(PROVIDED INFORMATION)

******

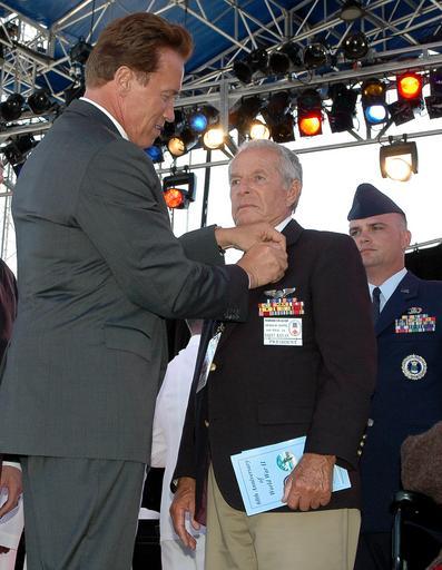 | Keywords: A Schwarzenegger awards at a WWII 60th anniversary ceremony 2005.jpg en San Diego Calif May 29 2005 - California Gov Arnold Schwarzenegger awards a Rupture Duck to Army Air Corps Veteran Harry Kaplan at a WWII 60th anniversary ceremony The Rupture Duck was given to service members honorably discharged from the service during WWII The ceremony was organized by the Department of Defense World War II 60th Anniversary Commemoration Committee to pay tribute and recognize World War II veterans for their outstanding service and sacrifice during the Memorial Day weekend http //www navy mil/view_image asp id 24845 2005-05-29 U S Navy photo by Photographer's Mate 1st Class Michael Moriatis PD-USGov-Military-Navy Arnold Schwarzenegger in 2005 20050529 |
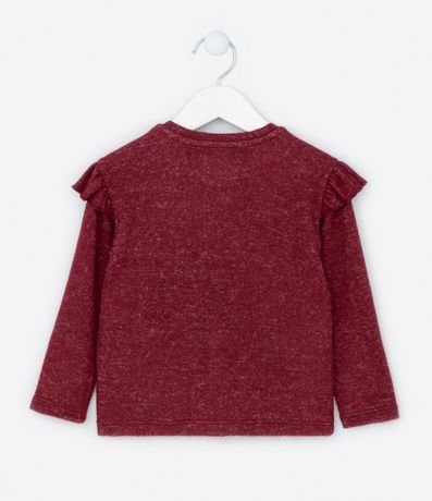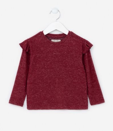Blusinha infantil confeccionada em tricô, com gola redonda, manga longa e detalhe de babadinhos nos ombros.
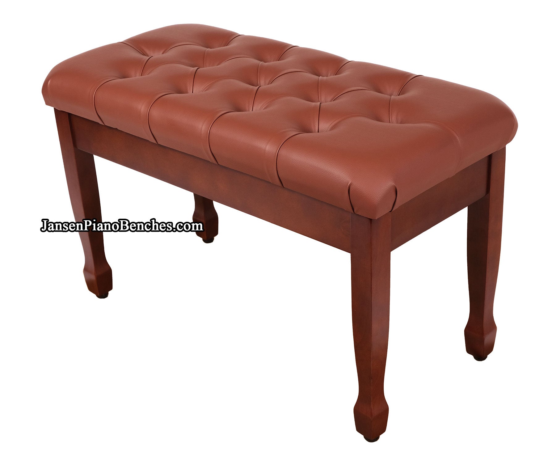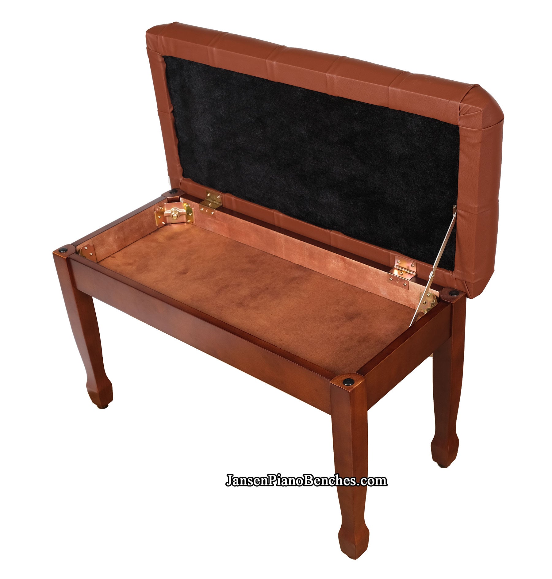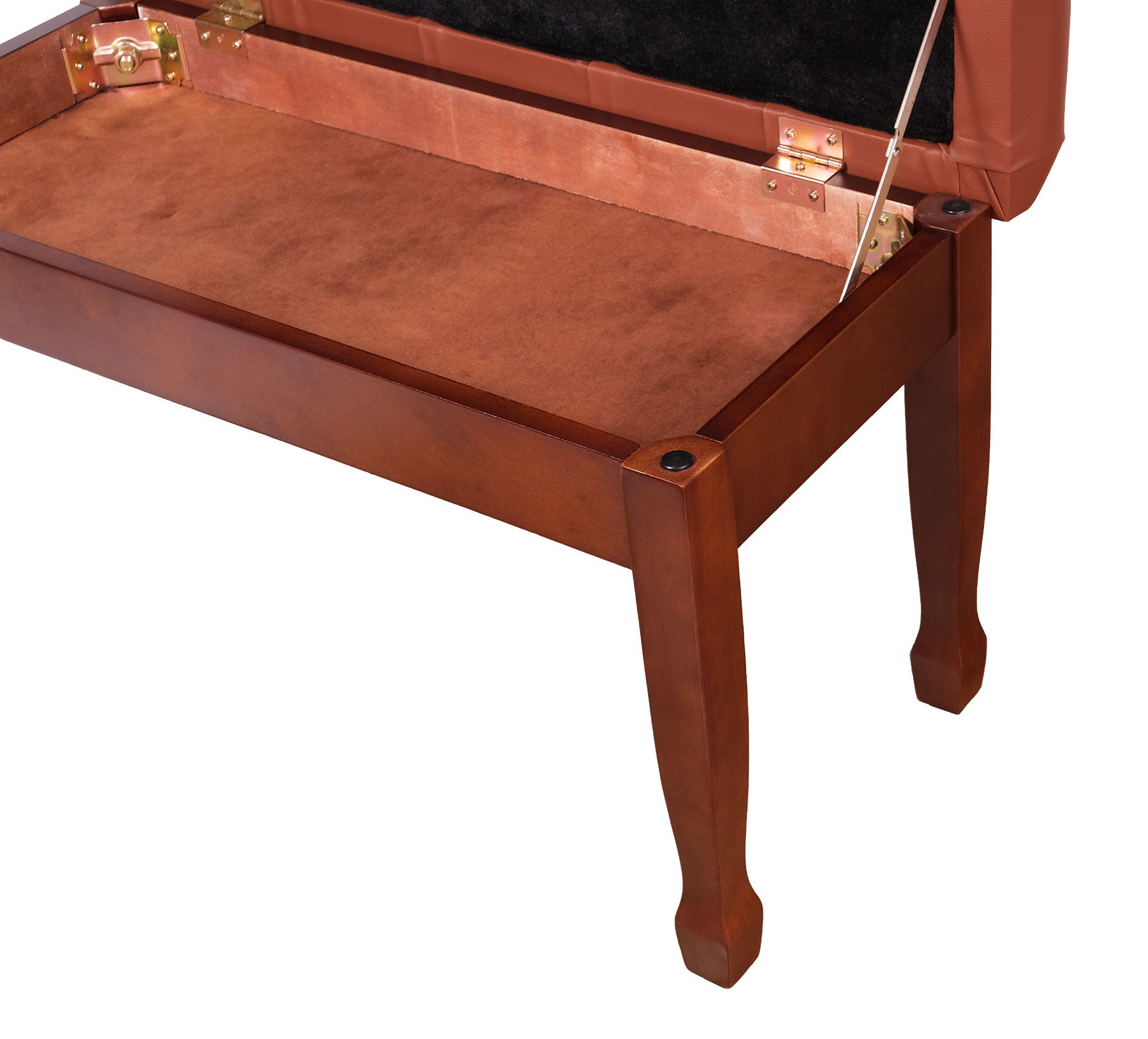 This hardwood piano bench uses the most popular leg style: spade legs. For added protection for your floors, the bottom of the legs have been equipped with rubber bumpers. While most benches have plastic tabs pushed into a hole in the bottom of the leg, these rubber bumpers are extra thick, and screwed into the bottom of the leg itself. Designed to last, these won't fall out of the bottom of your bench anytime soon. Additionally, these bumpers are adjustable (they screw in and out of the leg, so simply turn the bumper a bit to adjustable the height); if your floor is slightly uneven, you're able to adjust the bench to be level!
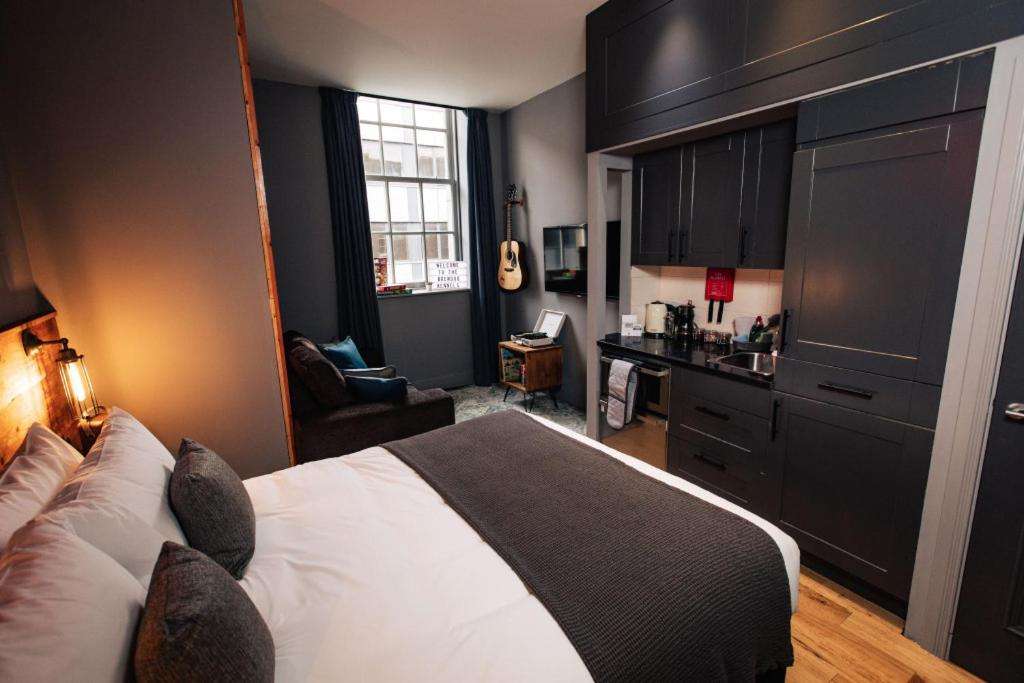 The 26 bespoke bedrooms come with a shower beer fridge, guitar & record collection, writing desk, mini-bar, artisan coffee & tea, TV, and WiFi access. There is a choice of Studio and Deluxe Studio rooms.
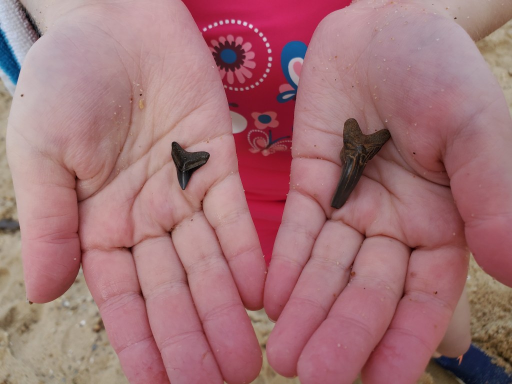 Our most recent visit was just a month later, on a gorgeous, unseasonably warm January day. We were staying at the nearby Easthaven vacation home (which we loved!), and we found ourselves heading down the Big Meadow Trail yet again. We didn’t find any shark teeth, but we had a great time playing on the beach.

******

(YOUR INSTRUCTIONS) Your output should be exactly the lines of the records above from the one with "The 26 bespoke" through the last, both ends included, with pictures excluded.

(ANSWER FOR THE TASK)
 The 26 bespoke bedrooms come with a shower beer fridge, guitar & record collection, writing desk, mini-bar, artisan coffee & tea, TV, and WiFi access. There is a choice of Studio and Deluxe Studio rooms.
 Our most recent visit was just a month later, on a gorgeous, unseasonably warm January day. We were staying at the nearby Easthaven vacation home (which we loved!), and we found ourselves heading down the Big Meadow Trail yet again. We didn’t find any shark teeth, but we had a great time playing on the beach.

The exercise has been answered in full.